La prima barriera è l’approvvigionamento. Etichette e schede tecniche devono consentire di sapere che cosa contiene realmente una materia prima, senza dare per scontato che un prodotto già utilizzato in passato mantenga per sempre la stessa formulazione. Gli ingredienti destinati a preparazioni con esigenze specifiche devono inoltre essere riconoscibili durante lo stoccaggio, evitando scambi e contatti accidentali. Per il senza glutine, per esempio, AIC inserisce tra le procedure professionali da conoscere proprio approvvigionamento, stoccaggio, preparazione e somministrazione. Una buona organizzazione della dispensa e dei frigoriferi non sostituisce l’etichetta, ma riduce il rischio che il prodotto sbagliato finisca nella lavorazione.

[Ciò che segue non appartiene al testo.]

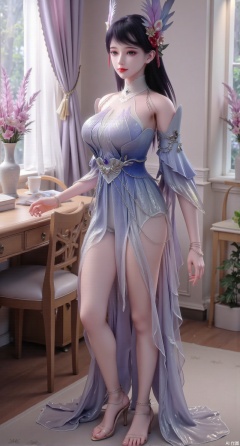 (masterpiece:1.2),Ultra clear, wallpaper, 8k, masterpiece, 1girl, solo, long hair, breasts, looking at viewer, bangs, large breasts,long dress,, bare shoulders, jewelry, black hair, standing, purple eyes, full body, flower, thighs, indoors, hair bun, long dress, high heels, cup, see-through, book, bare legs, window, table, white footwear, standing on one leg, curtains, pink flower, side slit, vase, ,(huge breasts:2.99),(full breasts:2.99),Xqianqianmeinu,Xmoxionghanfu,Xleisiqipao,Xxeushengxiaofu,XlinziyueY2,Xsongmoxionghanfu

In lavorazione la separazione diventa una procedura

Il passaggio più delicato è quello in cui ingredienti diversi condividono cucina, superfici e attrezzature. Taglieri, coltelli, pinze, mestoli, pentole, friggitrici, olio di frittura, acqua di cottura e scolapasta possono diventare punti di contatto. Il Regolamento UE 2021/382 ha inserito nella disciplina sull’igiene un requisito specifico: attrezzature e contenitori utilizzati con sostanze dell’Allegato II non devono essere impiegati per alimenti che non le contengono senza essere stati puliti e controllati almeno per l’assenza di residui visibili. Anche la Commissione europea ha ribadito nel 2026 che avvertenze come “può contenere” non devono sostituire le buone pratiche e devono poggiare su una valutazione del rischio.

Il caso del senza glutine

La celiachia merita un’attenzione autonoma. Il Ministero della Salute stima che interessi circa l’1% della popolazione e la dieta priva di glutine rappresenta il trattamento della malattia. Il Regolamento UE 828/2014 stabilisce che la dicitura “senza glutine” può essere utilizzata quando il contenuto di glutine nell’alimento venduto al consumatore finale non supera 20 mg/kg. Nella ristorazione, però, non basta partire da pasta, farina o pane idonei: bisogna controllare l’intero processo. Il programma Alimentazione Fuori Casa di AIC prevede infatti formazione specifica sulle regole e sulle procedure per preparare pasti senza glutine, comprese gestione delle materie prime e rischio di contaminazione.

Che cosa succede a fine servizio

La tutela non finisce quando termina il turno. Una preparazione destinata a un cliente con una specifica esigenza deve restare identificabile anche se viene raffreddata, riposta in frigorifero o conservata per un utilizzo successivo previsto dal piano di autocontrollo. Contenitore, etichettatura interna, posizione e utensili devono permettere di ricostruire che cosa è successo al prodotto. Se non è più possibile stabilire con ragionevole certezza che la preparazione abbia mantenuto i requisiti dichiarati, non è prudente riproporla come adatta a quella specifica esigenza. È la stessa logica di controllo del processo che sta alla base delle procedure HACCP e, per il senza glutine, dei percorsi formativi dedicati alla ristorazione.

L’ultimo controllo è tra pass e sala

Anche un piatto preparato correttamente può essere compromesso nell’ultimo metro: una guarnizione non verificata, pane appoggiato sul piatto, una pinza condivisa o uno scambio di comande possono vanificare il lavoro della cucina. Per questo informazione e formazione devono coinvolgere anche il personale di sala. In Italia, per gli alimenti non preimballati serviti dalle collettività, l’indicazione degli allergeni deve essere resa con menu, registro, cartello o sistema equivalente; è possibile rimandare al personale, ma le informazioni devono comunque risultare da documentazione scritta ed essere disponibili prima che l’alimento venga servito. La gestione delle esigenze alimentari speciali, quindi, non è un compito del solo cuoco: è una catena che funziona soltanto se ogni passaggio resta sotto controllo.